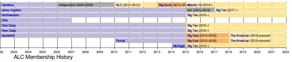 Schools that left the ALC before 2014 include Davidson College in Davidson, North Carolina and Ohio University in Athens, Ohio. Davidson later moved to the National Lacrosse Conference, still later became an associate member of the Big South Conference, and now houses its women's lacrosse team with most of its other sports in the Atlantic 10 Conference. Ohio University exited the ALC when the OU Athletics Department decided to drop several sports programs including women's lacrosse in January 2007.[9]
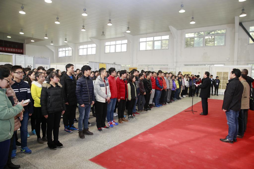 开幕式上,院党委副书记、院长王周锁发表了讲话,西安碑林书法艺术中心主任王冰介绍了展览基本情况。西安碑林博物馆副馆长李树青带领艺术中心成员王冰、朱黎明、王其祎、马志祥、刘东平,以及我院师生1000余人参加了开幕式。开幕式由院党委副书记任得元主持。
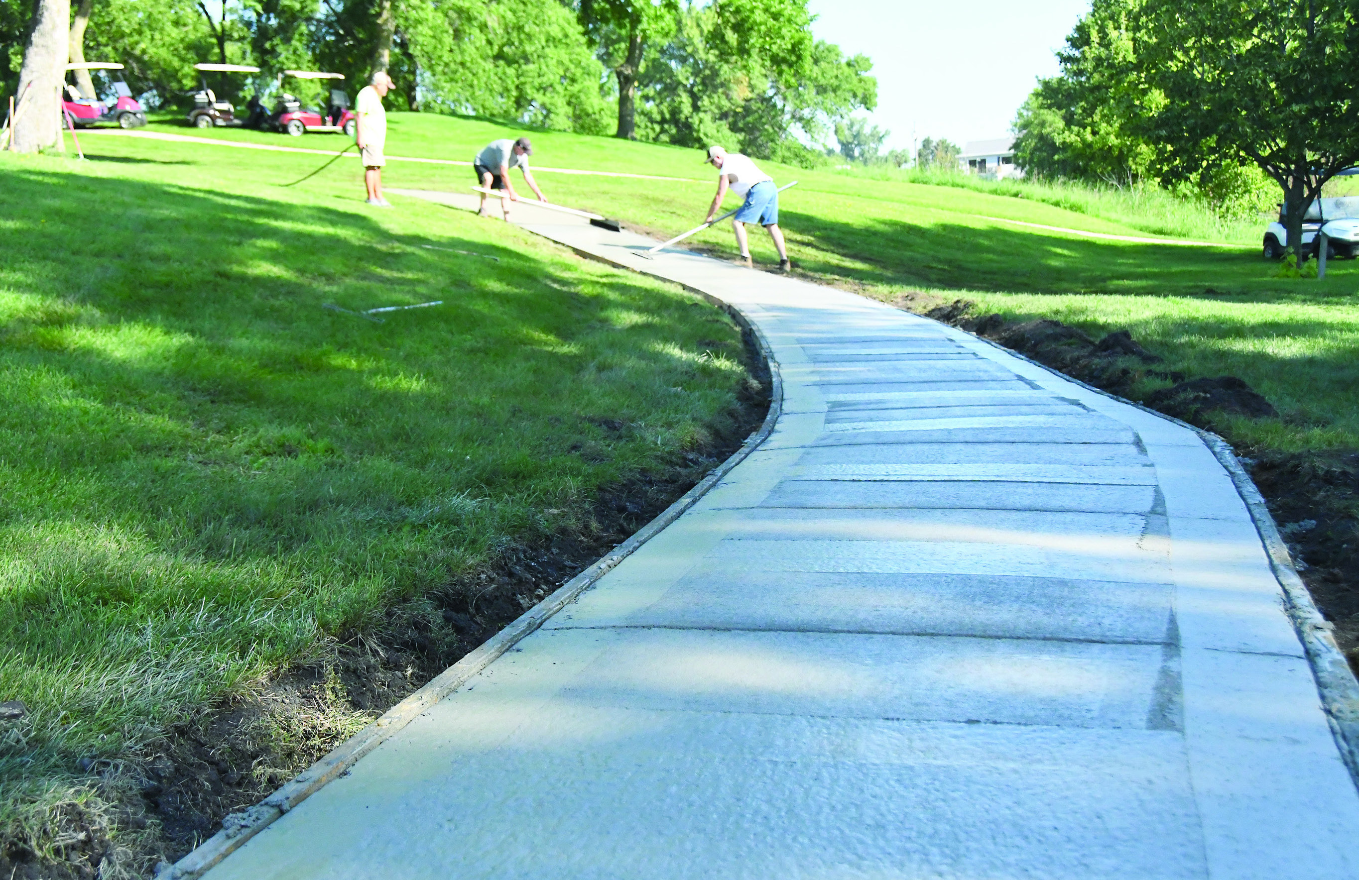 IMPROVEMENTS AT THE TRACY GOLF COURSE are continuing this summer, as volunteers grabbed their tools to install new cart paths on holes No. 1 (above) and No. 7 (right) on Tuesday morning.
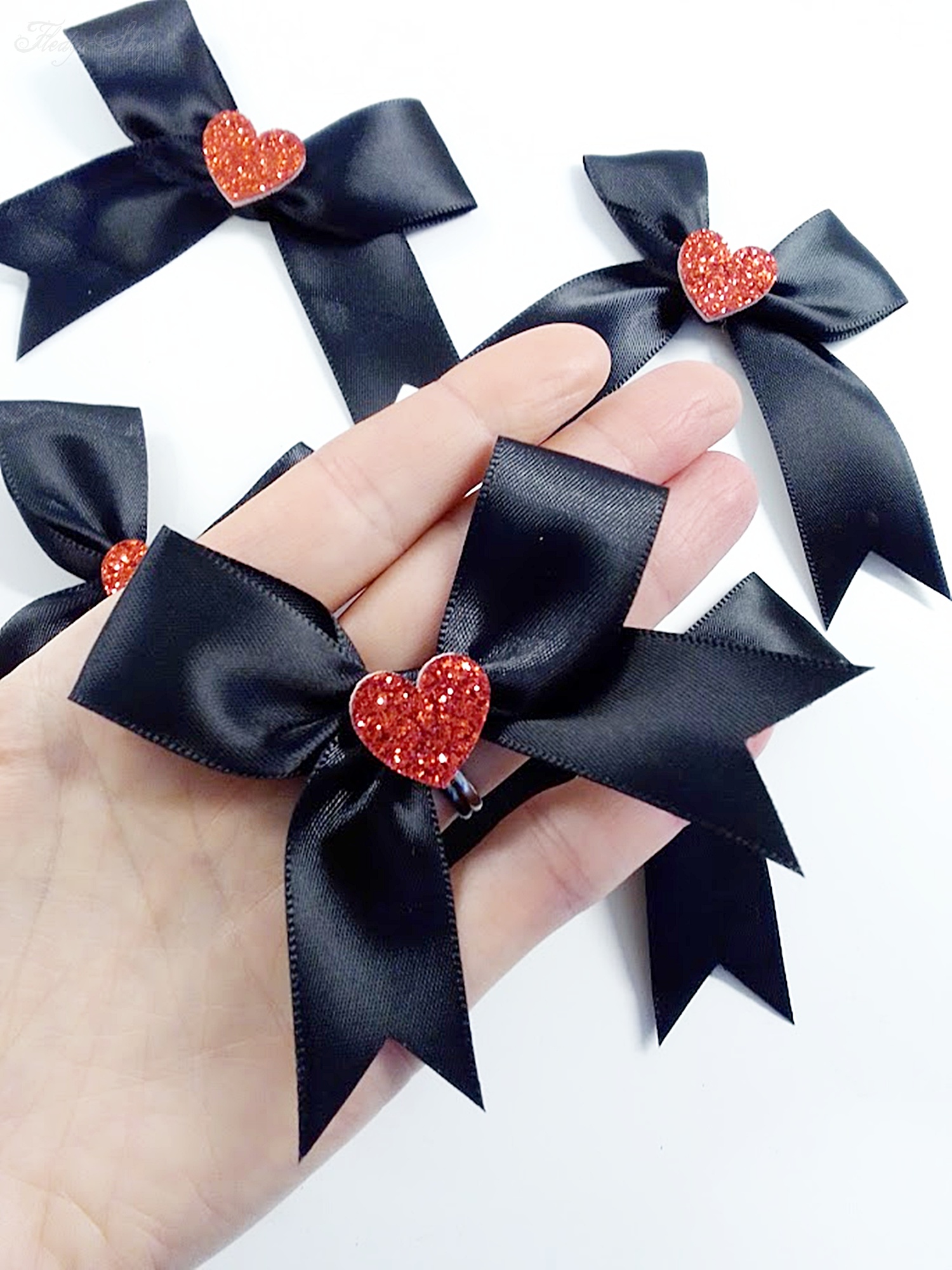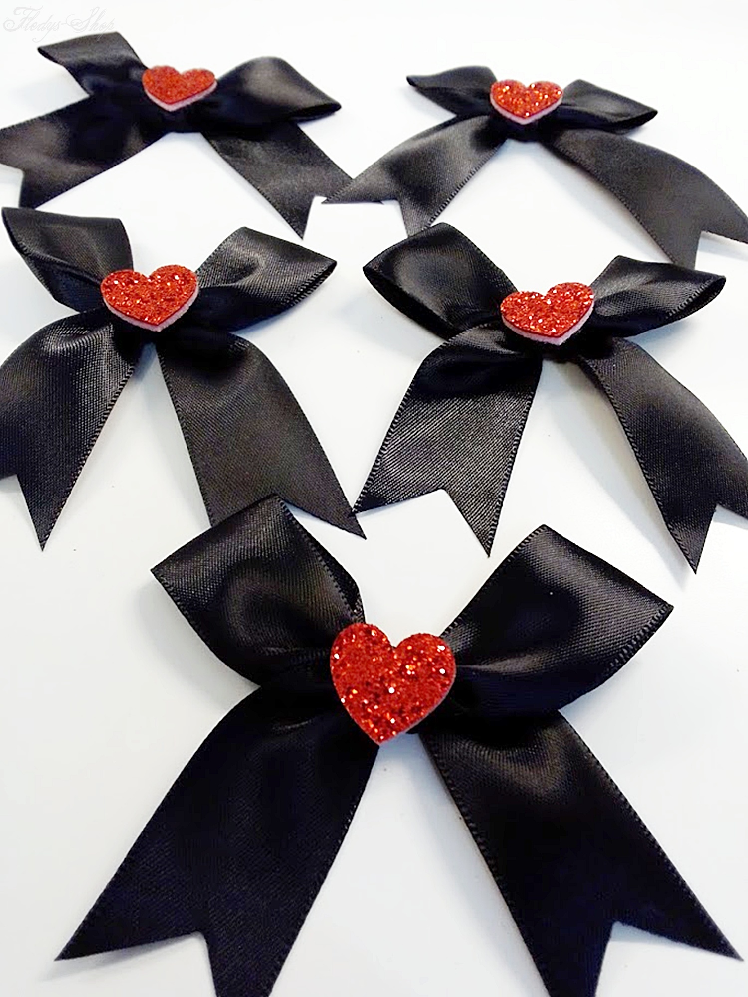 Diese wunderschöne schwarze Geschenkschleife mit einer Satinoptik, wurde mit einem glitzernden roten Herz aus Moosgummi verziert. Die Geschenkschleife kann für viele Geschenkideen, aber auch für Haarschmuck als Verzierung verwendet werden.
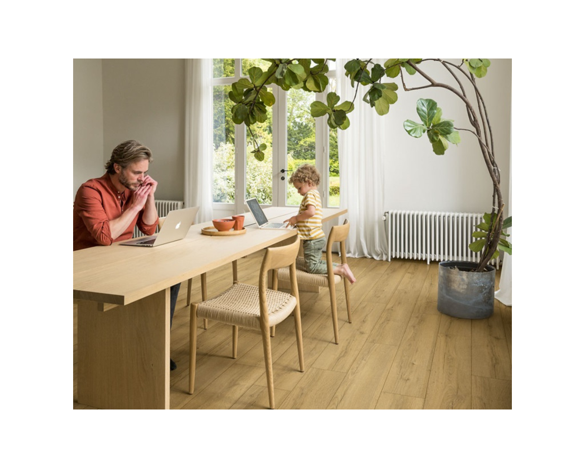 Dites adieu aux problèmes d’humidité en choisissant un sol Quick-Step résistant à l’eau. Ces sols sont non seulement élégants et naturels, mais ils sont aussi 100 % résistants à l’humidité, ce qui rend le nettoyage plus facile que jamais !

------------------------------------------------

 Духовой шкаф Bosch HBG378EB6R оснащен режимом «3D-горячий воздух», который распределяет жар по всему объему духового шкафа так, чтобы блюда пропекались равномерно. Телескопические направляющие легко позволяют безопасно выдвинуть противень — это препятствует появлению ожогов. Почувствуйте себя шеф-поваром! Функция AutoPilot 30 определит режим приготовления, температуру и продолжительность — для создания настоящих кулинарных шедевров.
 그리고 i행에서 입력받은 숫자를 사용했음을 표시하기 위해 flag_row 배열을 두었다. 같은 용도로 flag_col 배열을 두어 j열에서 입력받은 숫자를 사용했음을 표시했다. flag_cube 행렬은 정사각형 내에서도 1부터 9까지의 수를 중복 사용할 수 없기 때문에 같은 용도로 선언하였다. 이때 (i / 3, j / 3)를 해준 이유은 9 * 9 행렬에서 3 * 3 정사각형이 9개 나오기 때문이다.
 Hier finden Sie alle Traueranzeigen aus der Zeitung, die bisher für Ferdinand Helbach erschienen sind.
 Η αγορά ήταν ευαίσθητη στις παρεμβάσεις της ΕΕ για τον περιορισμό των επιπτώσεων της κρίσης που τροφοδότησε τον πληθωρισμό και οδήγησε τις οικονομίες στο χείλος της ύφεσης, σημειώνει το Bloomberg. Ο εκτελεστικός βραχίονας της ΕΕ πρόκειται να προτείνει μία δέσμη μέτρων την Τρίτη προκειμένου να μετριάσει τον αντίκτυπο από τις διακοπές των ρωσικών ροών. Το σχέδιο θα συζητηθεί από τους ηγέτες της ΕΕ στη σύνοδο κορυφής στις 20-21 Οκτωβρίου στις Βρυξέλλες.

------------------------------------------------

_TASK ITEM_. Everything above from the line with "Schools that left" through the line with "Dites adieu aux" should be retyped exactly, and nothing else; omit pictures.

_RESPONSE BOX_.
 Schools that left the ALC before 2014 include Davidson College in Davidson, North Carolina and Ohio University in Athens, Ohio. Davidson later moved to the National Lacrosse Conference, still later became an associate member of the Big South Conference, and now houses its women's lacrosse team with most of its other sports in the Atlantic 10 Conference. Ohio University exited the ALC when the OU Athletics Department decided to drop several sports programs including women's lacrosse in January 2007.[9]
 开幕式上,院党委副书记、院长王周锁发表了讲话,西安碑林书法艺术中心主任王冰介绍了展览基本情况。西安碑林博物馆副馆长李树青带领艺术中心成员王冰、朱黎明、王其祎、马志祥、刘东平,以及我院师生1000余人参加了开幕式。开幕式由院党委副书记任得元主持。
 IMPROVEMENTS AT THE TRACY GOLF COURSE are continuing this summer, as volunteers grabbed their tools to install new cart paths on holes No. 1 (above) and No. 7 (right) on Tuesday morning.
 Diese wunderschöne schwarze Geschenkschleife mit einer Satinoptik, wurde mit einem glitzernden roten Herz aus Moosgummi verziert. Die Geschenkschleife kann für viele Geschenkideen, aber auch für Haarschmuck als Verzierung verwendet werden.
 Dites adieu aux problèmes d’humidité en choisissant un sol Quick-Step résistant à l’eau. Ces sols sont non seulement élégants et naturels, mais ils sont aussi 100 % résistants à l’humidité, ce qui rend le nettoyage plus facile que jamais !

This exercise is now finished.